AMFYOYO

No one’s coming to save you, reframe your cognition accordingly.
Hi (No) Wonder-ers,
I’ve got a few new subscribers, presumably bots, who instead of names have random combinations of alphanumeric characters. To them I say: “Beep beep boop, comrades!”
Now, as for the rest of you lovely humans… some of you may look forward to a day when I write one of these without making a Taylor Swift lyrical reference. Today is not that day. In the 2022 album Midnights, she released “You’re On Your Own, Kid” (YOYOK). Here, she sings about waiting to be noticed by an unrequited love interest. Then, in a classically Taylor-esque twist of lyrical progression, she ends with a powerful epiphany:
“I looked around in a blood-soaked gown
and I saw something they can’t take away,
cause there were pages turned with the bridges burned,
everything you lose is a step you take.
So make the friendship bracelets, take the moment and taste it,
you’ve got no reason to be afraid.
You’re on your own, kid… You always have been.”
In a few short lines she goes from a despondent “I’m all alone” to an empowered “I’ve got this, no one can take it from me.” And for the record, this lyric gave rise to the whole Swifties Exchanging Bracelets At Concerts phenomenon.

Very few can play the Uno Reverse card like Taylor Swift can.

My dad, who had far less lyrical acumen, put it differently: AMFYOYO (Adios MotherFucker, You’re On Your Own). He deployed AMFYOYO whenever he’d gleefully disavow himself of what he perceived to be a difficult situation. He said this to his colleagues when he signed difficult patients out to them. He said this to me when I refused to break up with my future wife, who had more melanin than his racism allowed. AMFYOYO was my dad’s way of telling someone that he’d given his last fuck about them.
Now that I have my own child, my dad’s parting AMFYOYO is all the more messed-up… which is probably why I was sadder about the deaths of Robin Williams, Anthony Bourdain, Betty White, and James Earl Jones than I ever was about his. I could never fathom AMFYOYO’ing my own kid. It’s a cruel thing to do to a human that never asked to be born.
That said… AMFYOYO does convey the harshness of reality, doesn’t it. No one cares about you, even those arguably most obligated to do so. As I write this a sitting US Senator who is also a medical school-educated, residency- and fellowship-trained, board-certified, state-licensed, Hippocratic Oath-bound DOCTOR voted to confirm an anti-vaccine HHS appointee who will harm children and destroy public health.

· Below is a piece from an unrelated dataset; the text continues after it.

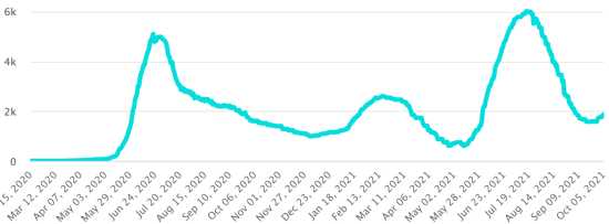 Cas testés depuis le début de la pandémie : 123,092 cas (+516 en 24h) mise à jour 1er octobre 2021 dernières données disponibles. Notez que le très faible nombre de personnes testées ne permet pas statistiquement de faire une estimation représentative des cas actifs de Covid-19 en Haïti. Ce qui explique également le faible nombre de cas détecté quotidiennement. À titre de comparaison la République voisine a plus de 2 millions de tests sur sa population depuis le début de l’épidémie. Communes les plus touchées dans l’Ouest (2021) : Delmas : 2,092 (+15) ; Pétion ville 1,748 (+1) ; Port-au-Prince 1,143 (+2) ; Tabarre 924(+22) ; Croix-des-Bouquets 924 (+0) Cas confirmés par département (2021) : Ouest : 7,954 cas (2020 : 6,945 cas) Nord : 534 cas (2020 : 677 cas) Centre : 739 cas (2020 : 508 cas) Artibonite : 616 cas (2020 : 593 cas) Nord-Est : 306 cas (2020 : 314 cas) Sud-Est : 432 cas (2020 : 274 cas) Sud : 625 cas (2020 : 262 cas) Nord-Ouest : 281 cas (2020 : 229 cas) Grand'Anse : 553 cas (2020 : 176 cas) Nippes : 187 cas (2020 : 149 cas) Décès cumulés par département (2021) : Ouest : 210 décès (2020 : 104 décès) Nord : 40 décès (2020 : 34 décès) Centre : 30 décès (2020 : 13 décès) Artibonite : 24 décès (2020 : 39 décès) Nord-Est : 6 décès (2020 : 6 décès) Sud : 35 décès (2020 : 6 décès) Sud-Est : 11 décès (2020 : 9 décès) Nord-Ouest : 12 décès (2020 : 12 décès) Grand'Anse : 5 décès (2020 : 13 décès) Nippes : 18 décès (2020 : 5 décès) Répartition des décès par âge (depuis le début de l’épidémie) : 0-9 ans : 13 décès 10-19 ans : 6 décès 20-29 ans : 24 décès 30-39 ans : 39 décès (+2) 40-49 ans : 67 décès 50-59 ans : 108 décès 60-69 ans : 140décès (+1) 70-79 ans : 139 décès 80 ans et plus : 98 décès (+2) Vaccination : 74,879 (+8,187 en 7 jours) doses de vaccin « Spikevax » (appellation officielle) du Laboratoire MODERNA ont été injectés au total en Haïti depuis le 16 juillet 2021, date de la première injection. 22,432 personnes sont entièrement vaccinées (2 doses). Mise à jour 2 octobre 2021, dernières données disponibles. Liste des 113 Centres de vaccination ouverts en Haïti (et horaires) par département : (mise à jour 5 octobre 2021) DIASPORA : Situation épidémiologique : USA : *Cas depuis le premier cas (9 mars 2020) : 45,021,267 cas (+102,702 en 24h), la veille (+137,365) *Guérisons : 34,479,131 guérisons (+86,805 en 24h), la veille (+110,205) Taux national de Guérison : 76,58% (+) *Décès : 730,206 décès (+2,496 en 24h), la veille (+2,982) Taux national de mortalité : 1,62% (=) *Cas actifs (moins décès et guérisons) : 9,811,930 cas (+13,401), la veille (+21,814) *Tests : 654,166,050 personnes testées depuis le premier cas USA : Nombre de cas confirmés quotidiens :

An executive order will dismantle the Department of Education, endangering the education of the most vulnerable children. No number of dead schoolchildren will ever be high enough to prompt meaningful gun violence action among those we entrust with the power to enact it.

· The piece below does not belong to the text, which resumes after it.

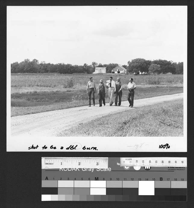 Black and white, landscape, notes: Senator Dole and farmers on country road, Inscriptions: shot to be a dbl. burn 100%

The last pretense of collective societal obligation is derelict, the last fuck given. No one owes or is owed anything. AMFYOYO. Adjust your expectations and actions accordingly.

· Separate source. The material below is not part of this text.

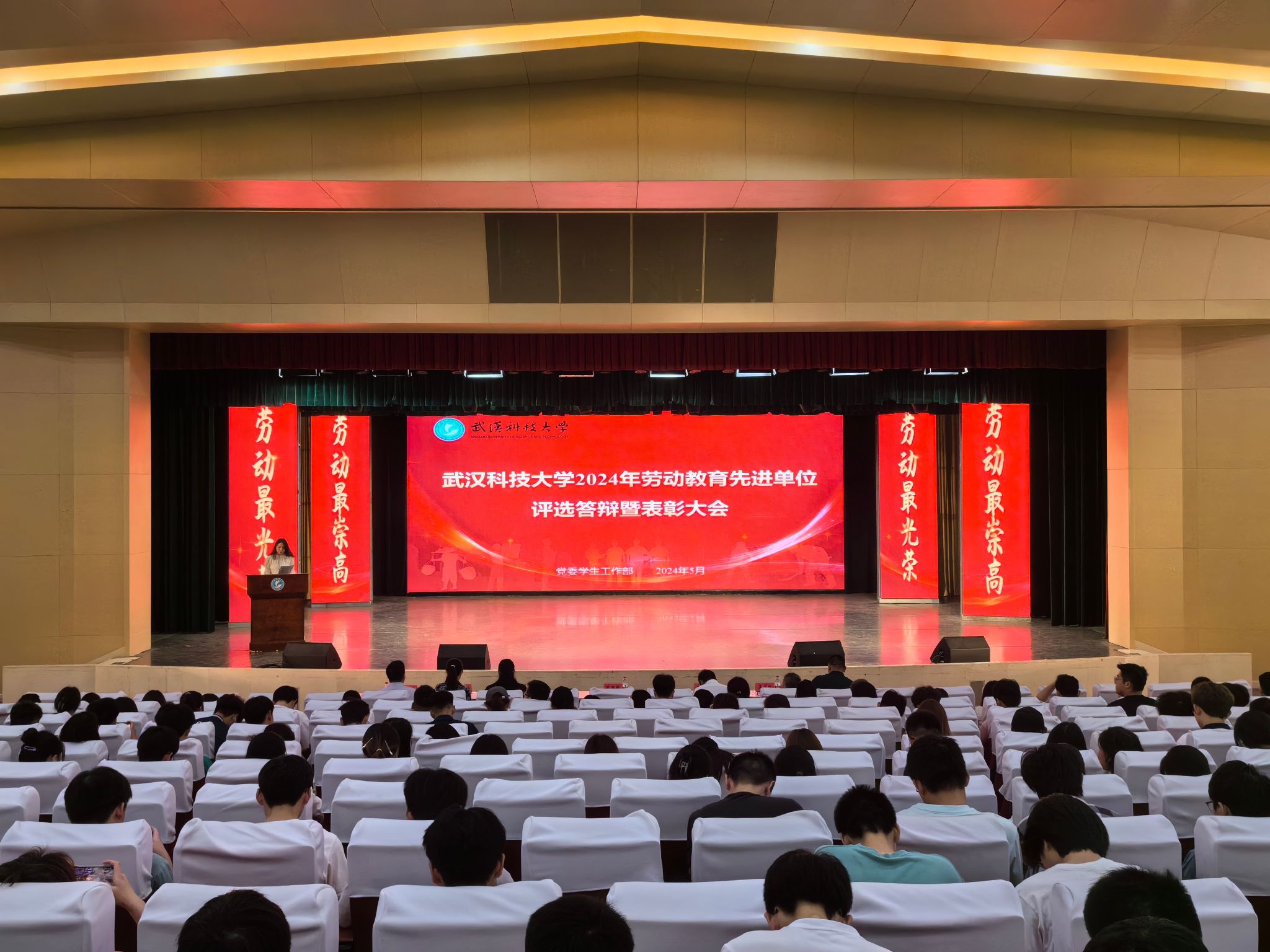 武科大网讯(通讯员刘泽宽 姜超)5月23日,鸭脖2024年劳动教育先进单位评选答辩暨表彰大会在黄家湖校区沁湖礼堂举行。校党委副书记孙国胜,党委学生工作部部长潘丽莎、本科生院执行院长丁宇、校团委书记王媛媛,后勤保障部副部长吴宝权、黄家湖校区综合办公室副主任梅海兵以及各学院党委副书记、辅导员出席本次大会。党委学生工作部副部长龚晗主持。

We’ll have to make that Taylor Swift-ian jump from the “despondent and lonely” sense of AMFYOYO to the empowering “my power is mine, and was never theirs to take” sense. I bet you’re wondering about the “we” at the beginning of the last sentence, specifically how “we” fits in with AMFYOYO/YOYOK. The “you” can become a plural “we” when you, the only person capable of and responsible for saving yourself, take the initiative and put in the work of partnering up with people who enhance your capacity to save yourself (and, ideally, for whom you can bolster their own capacity in themselves). AMFYOYO should help inspire us to take maximum agency in our own lives, but needn’t necessarily amount to an isolating sense of rugged individualism.
(Easier said than done for those whose c-PTSD comes with a side of abandonment issues.)
So yes, AMFYOYO is a harsh realization… but also strangely liberating and empowering, in the true spirit of Gloria Steinem’s “The truth will set you free, but first it will piss you off.”